“Character — the willingness to accept responsibility for one’s own life — is the source from which self-respect springs.” Joan Didion
It was 4:30 in the morning. rise early for work and I get ready upstairs before coming down. We have a routine, the dogs and I. A ministry of love. Lillie sleeps with me and is almost always lying next to me with her head on my right shin as I wake. We cuddle in bed a bit and then I get up. When I come downstairs I always sing to Roadie and rub his head and ears and give him hugs and kisses for the morning. But this particular morning he made a beeline to the back door and I followed. I put the collars on the dogs and got a few makeshift pats and hugs in on Roadie and then opened the back door and the storm door leading to the screened-in porch. In atypical fashion, I let the storm door close. I opened the outside door for the dogs and propped it open, as always. I turned to go back in the house and the door had locked itself behind me. Now, this door has a history. This door has locked me out before. But, you see, I keep a set of keys to the house in a lock box on the porch. Alas, I did not have my glasses and no amount of light or squinting could bring the tiny numbers on that box into focus.
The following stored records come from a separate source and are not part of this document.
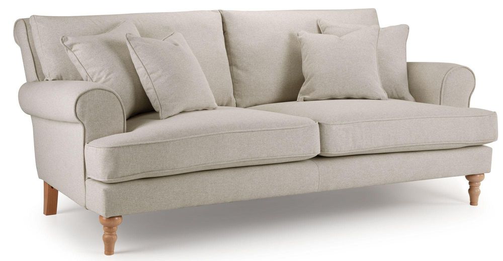 Item Code: W32-03-012-033 The Model 32 sofa range is a modern twist on a historical classic. Design features such as a deep scroll back, elegantly tapered arm and turned wooden legs emphasise the classical whilst the slub weave fabric in a range of iconic fashion colours, make this a wonderful statement piece. Each sofa includes four scatter cushions per sofa, a deeper low slung seat for comfortable lounging.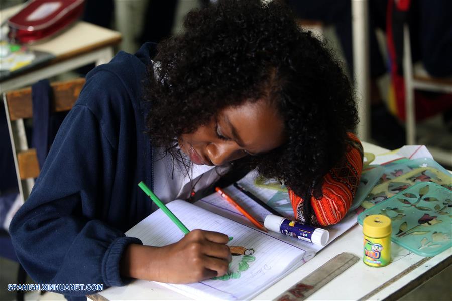 CARACAS, septiembre 17, 2018 (Xinhua) -- Una estudiante realiza un dibujo durante una clase, en el Colegio Experimental Venezuela, en Caracas, Venezuela, el 17 de septiembre de 2018. El presidente de Venezuela, Nicolás Maduro, saludó el lunes el comienzo del período escolar 2018-2019 que inician más de 7,6 millones de estudiantes, y deseó "el mayor de los éxitos" a los alumnos que regresan a clases luego de dos meses de vacaciones. (Xinhua/Ricardo Herdenez/AVN)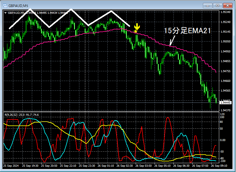 上位足の状況は省略。上の5分足では、トリプルトップを形成して反落。サポートとして機能していた15分足EMA21を割り込んだ後、その移動平均線付近まで上昇したところでmBDSR(RCI2本フィルター)の戻り売りサインが点灯し、その直後からプライスはしっかり下げている。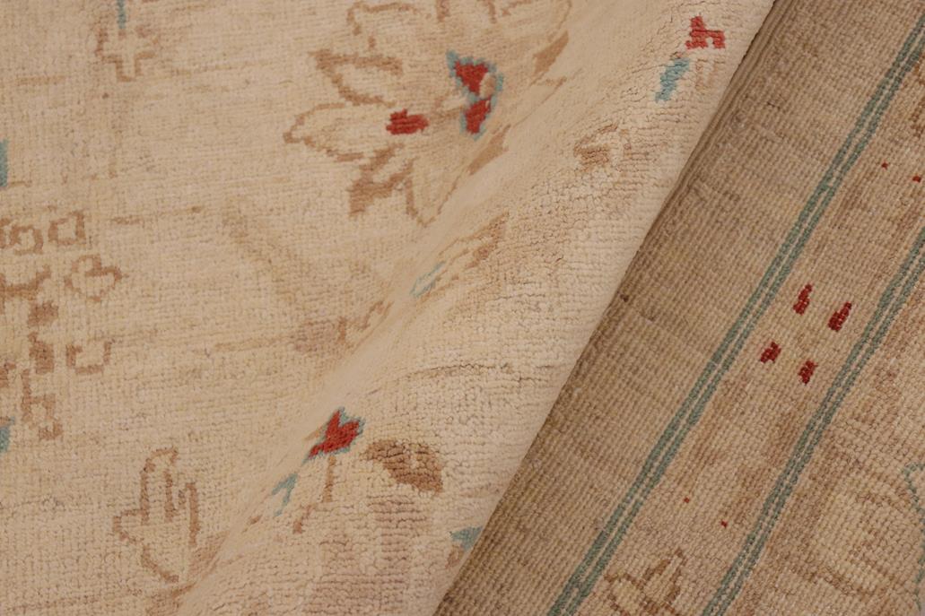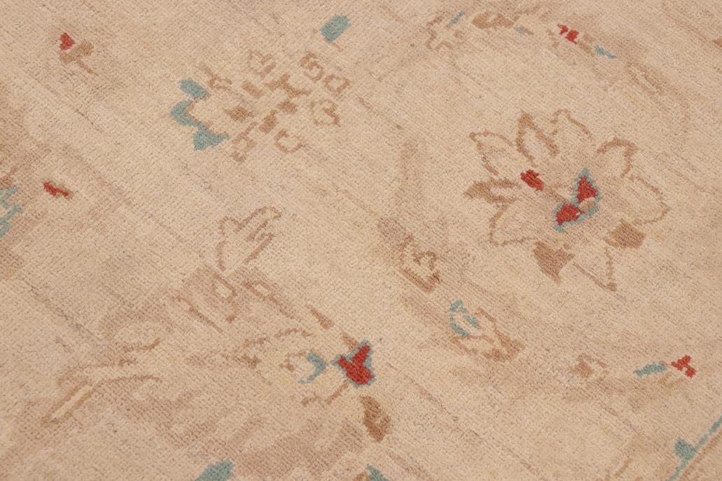 Enhance the ambiance of your home with this magnificent Persian-influenced Turkish hand-knotted rug made by skilled artisans capable of creating the most exceptional vegetable dyes and hand-spun wool. This exquisite handmade rug is a one-of-a-kind Peshawar Kafkaz, otherwise identified as Chobi, Chobi Peshawar, Oushak, or Ziegler rug. These handmade rugs are crafted in Pakistan utilizing superior-quality wool imported from Australia, New Zealand, and Korea in two types of weaves: the Persian weave and the Mori weave. This rug is meticulously crafted by hand using the finest natural vegetable dyes extracted from local plants. The artisans use a blend of hand-spun local and fine merino wool, resulting in a rug with a compelling texture, higher lanolin content, and longer staple. The artisans occasionally incorporate natural or artificial silk into the pile to enhance specific motifs. The finished product is an awe-inspiring execution of flawless design and an understated palette that exudes elegance. Contemporary Peshawar rugs draw inspiration from antique Persian designs and feature modern design motifs with vibrant color tones. Hand-knotted with all-natural dyes, resulting in a unique abrash effect and subtle color variations in the pile. Peshawar rugs are known for their stunning and vibrant colors, achieved through a process inspired by antique methods. The rug's pile is meticulously trimmed to a moderate thickness and then stone-washed and sun-dried, resulting in a natural sheen and pleasing color tones. Transform the ambiance of your room into a luxurious haven with this gorgeous rug featuring a beautiful color palette. This stunning rug features an intricate oriental design that showcases royalty and seamlessly complements any decor. Its hand-knotted construction and natural fibers provide a soft and comfortable feel underfoot, making it the perfect addition to any room.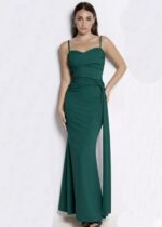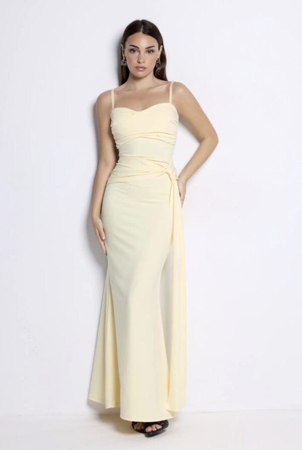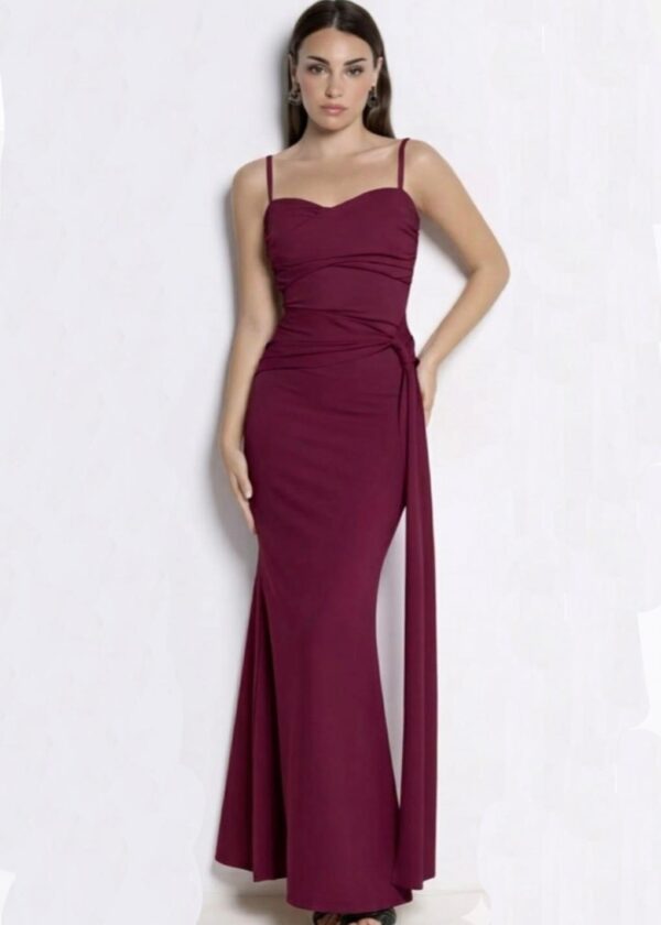 Vestido de licra largo de tirantes regulables, de escote corazón, drapeado en el pecho y con detalle en la cadera en forma banda que cae hasta el suelo aportando movimiento.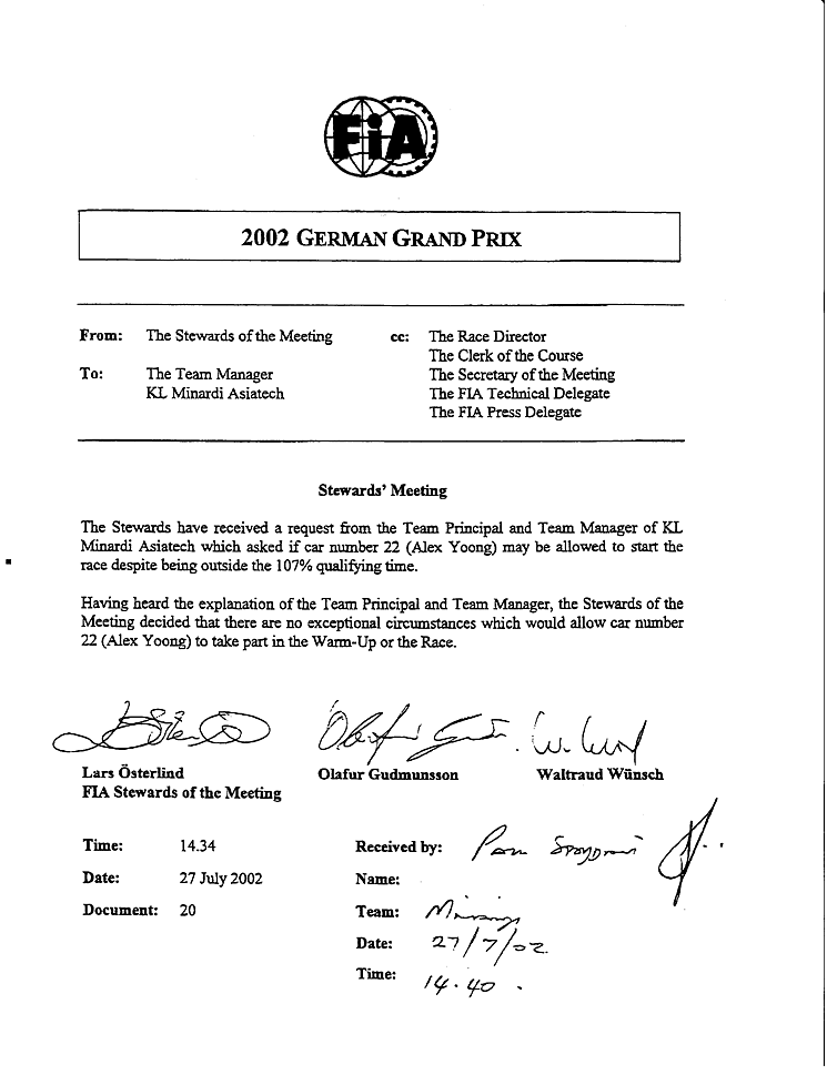 Minardi boss Paul Stoddart sent a request in order for Yoong to be allowed to race, but the race stewards said there were no extraordinary circumstances and so the Malaysian will not race.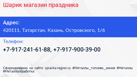 Шарик, магазин праздника по адресу 420111, Татарстан, Казань, Островского, 1/6 в дальнейшем Организация, размещена в следующих категориях: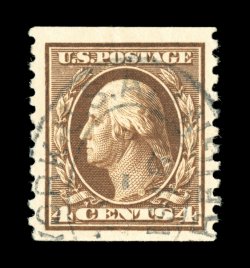 679 Ou 446 image#446, 4c Brown flat plate coil, perf. 10 vert., lovely used single, exceedingly well centered within incredibly large margins, rich color, lightly cancelled, extremely fine gem; 2004 PSE certificate (XF 90; SMQ $280.00); this is the highest grade achieved by any used #446, being one of only two (both singles) to be so graded. (Image) $65.00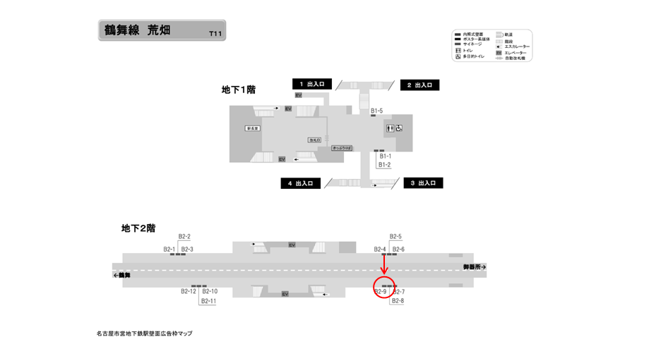 名古屋市営地下鉄 荒畑駅のホーム前にある広告看板です。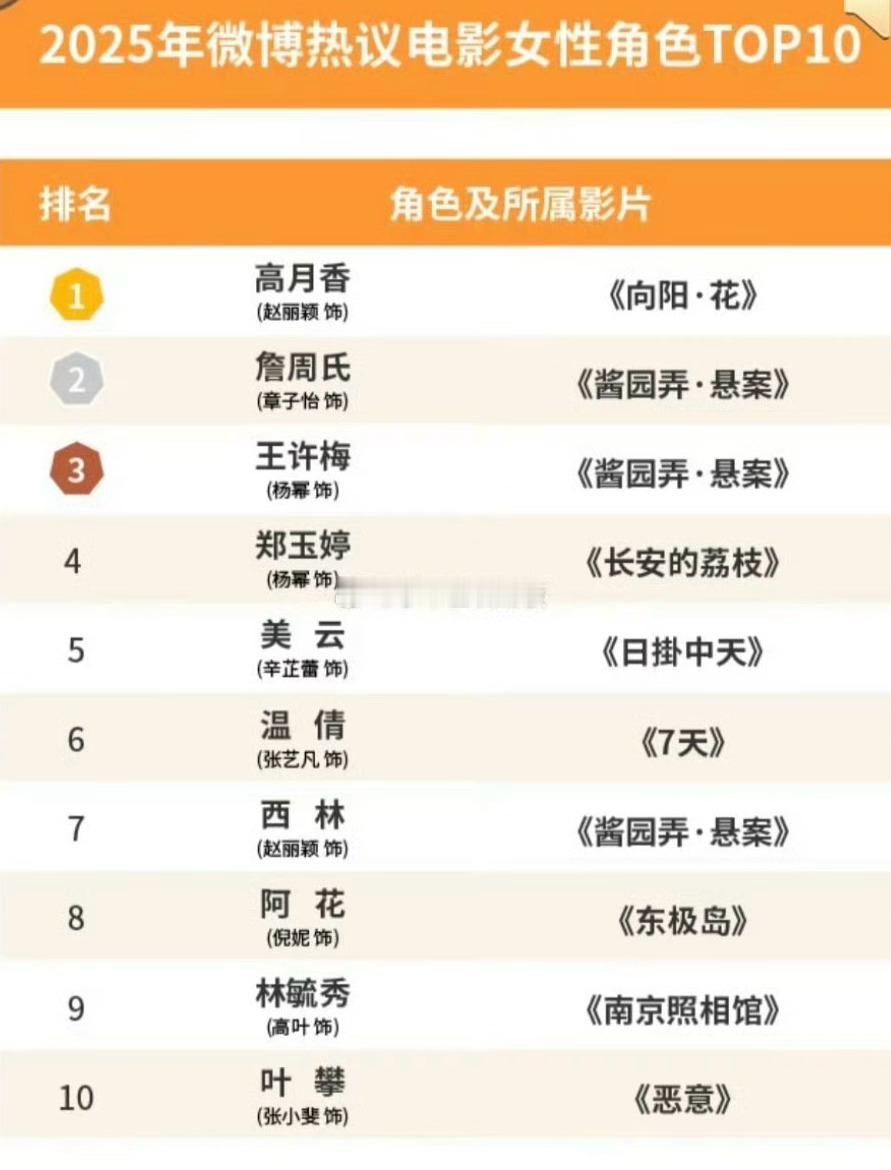 赵丽颖高月香热议电影女性角色TOP1 恭喜《向阳·花》,恭喜赵丽颖!她将这位底层女性高月香的坚韧演绎的深入人心,泥泞中向阳而生,一颦一动皆有故事感。这个角色能登顶TOP1,正是赵丽颖凭借扎实演所技赋予的光芒!

What to do, there on the porch? Kept from my home by a tiny piece of metal, entirely unable to see what was literally right in front of me.
I had no keys, no phone, no glasses.
I sat there on the floor of the porch and thought isn’t this hilarious?
Luckily, I had gotten dressed before coming downstairs, so I had that going. I have new neighbors to the south of me. We have been friendly and they are early risers like me. I hopped my fence because I was also unable to see the code to unlock the fence. I rang their doorbell and they answered. (Cue the angels singing and the sun rising) The grandparents do not speak English but they understand “help” and went to get their son. He came over—with his glasses on-and helped me get the keys.
In the moments on the back porch when I sat on the floor staring at the lockbox bewildered, I had some time to reflect. I do think Spirit has quite a sense of humor. What are we to do when certainty evades us? When are we ever even certain of anything?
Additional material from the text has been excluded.